* WHAT YOU ARE ASKED TO DO:
What you return should match the data word for word, minus the images.

* DATA BLOCK:
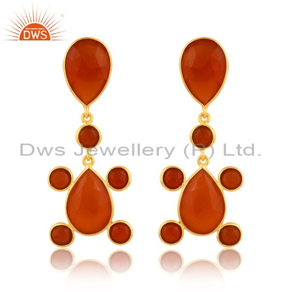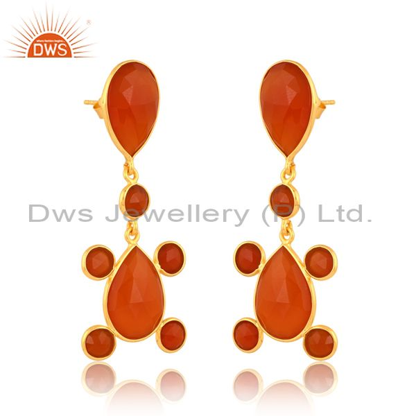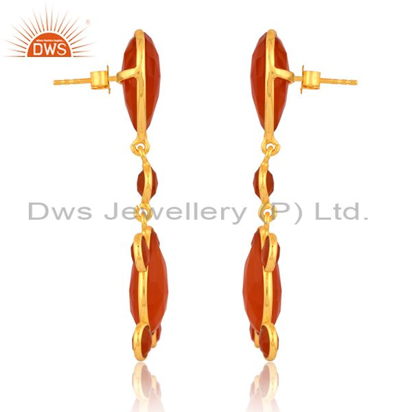 Sterling Silver Drop Earring With Red Onyx Briollette Stone
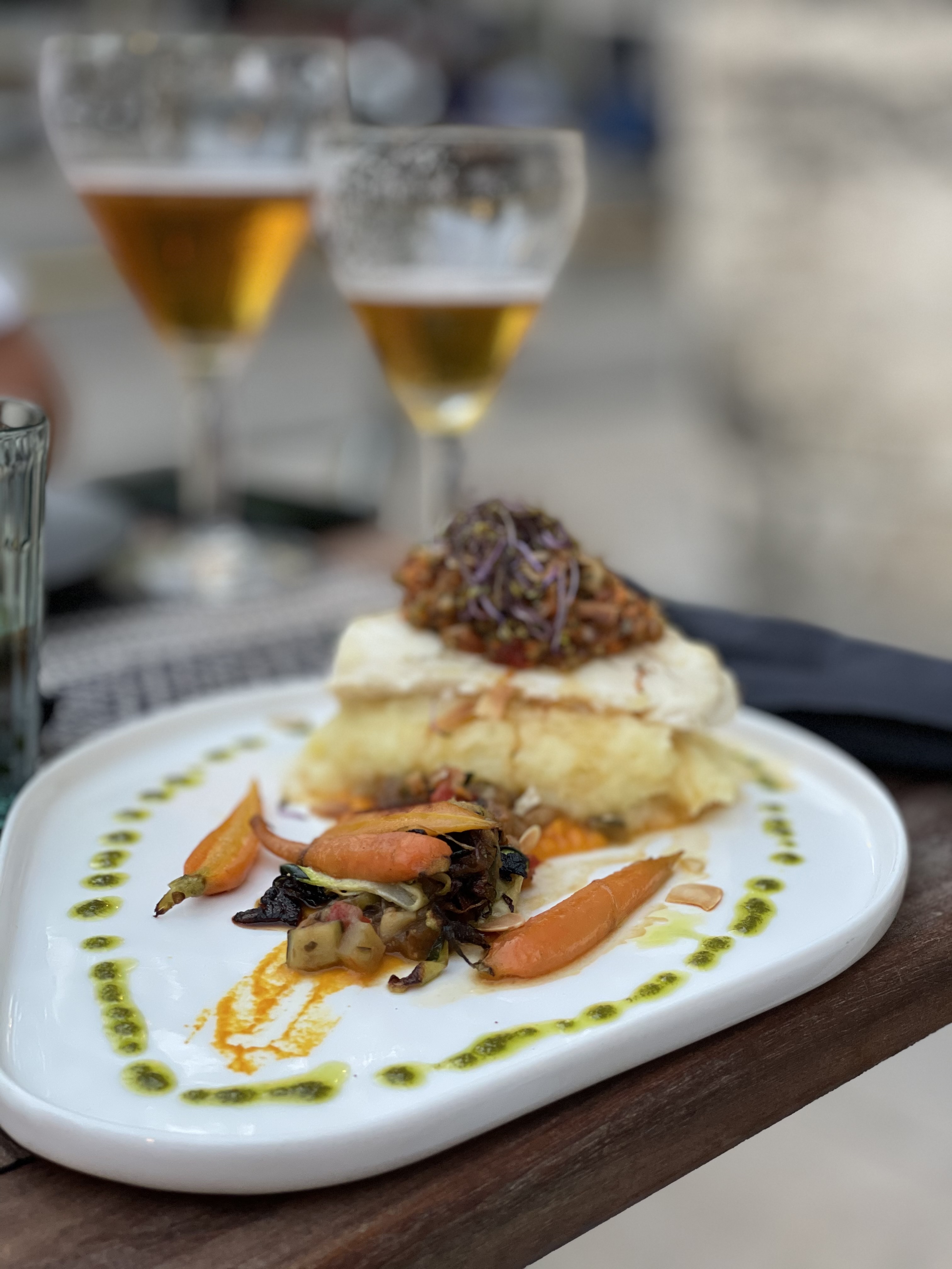 Après avoir eu du mal à trouver de la vraie nourriture végétarienne/végétalienne tout au long de notre voyage en France, ce fut un soulagement bienvenu de trouver un repas étiqueté végétalien sur un menu. Ce qui est arrivé était une assiette de « vrais » légumes, composé de pommes de terre nouvelles, de chou-fleur, d'artichaut, de carottes, de lentilles et de purée de patates douces. Très savoureux et très copieux. Service rapide par un personnel sympathique et anglophone. Une atmosphère détendue. Hautement recommandé.
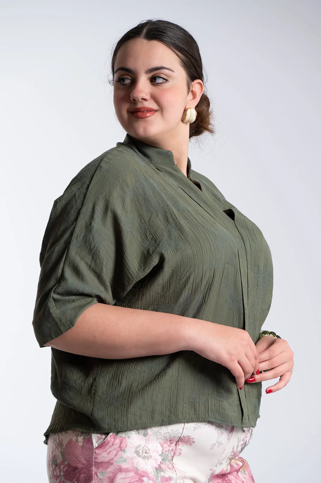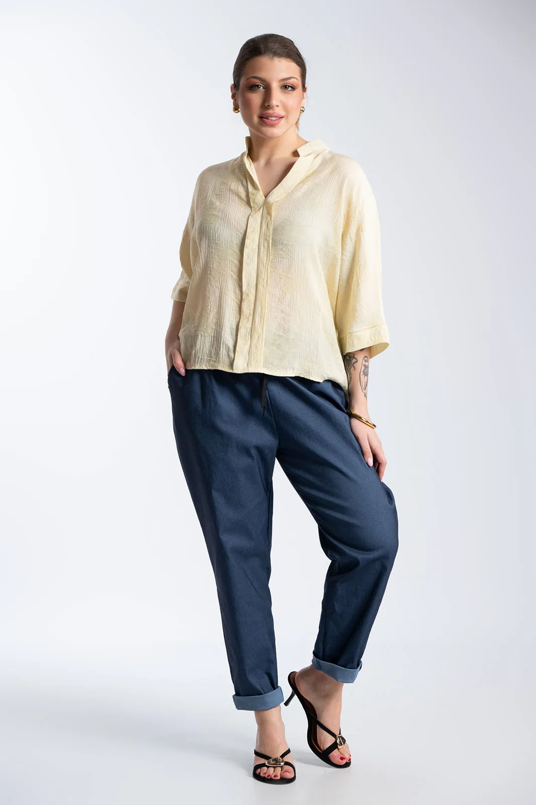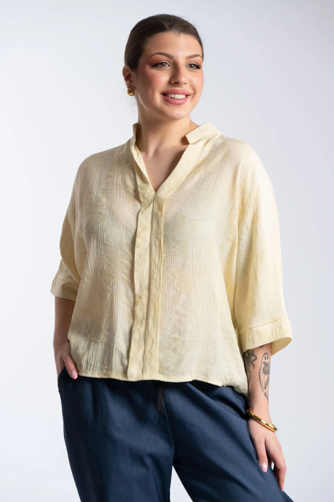A breezy blouse with a minimalist aesthetic that stands out for its effortless elegance. The loose fit and wide sleeves create a relaxed yet polished silhouette, perfect for stylish everyday looks. The subtle V-neckline at the front adds a feminine touch, while the fabric’s texture lends depth and interest without being over the top. A versatile piece that can be worn from morning to night, easily adapting to any style.

* RESPONSE:
 Sterling Silver Drop Earring With Red Onyx Briollette Stone
 Après avoir eu du mal à trouver de la vraie nourriture végétarienne/végétalienne tout au long de notre voyage en France, ce fut un soulagement bienvenu de trouver un repas étiqueté végétalien sur un menu. Ce qui est arrivé était une assiette de « vrais » légumes, composé de pommes de terre nouvelles, de chou-fleur, d'artichaut, de carottes, de lentilles et de purée de patates douces. Très savoureux et très copieux. Service rapide par un personnel sympathique et anglophone. Une atmosphère détendue. Hautement recommandé.
A breezy blouse with a minimalist aesthetic that stands out for its effortless elegance. The loose fit and wide sleeves create a relaxed yet polished silhouette, perfect for stylish everyday looks. The subtle V-neckline at the front adds a feminine touch, while the fabric’s texture lends depth and interest without being over the top. A versatile piece that can be worn from morning to night, easily adapting to any style.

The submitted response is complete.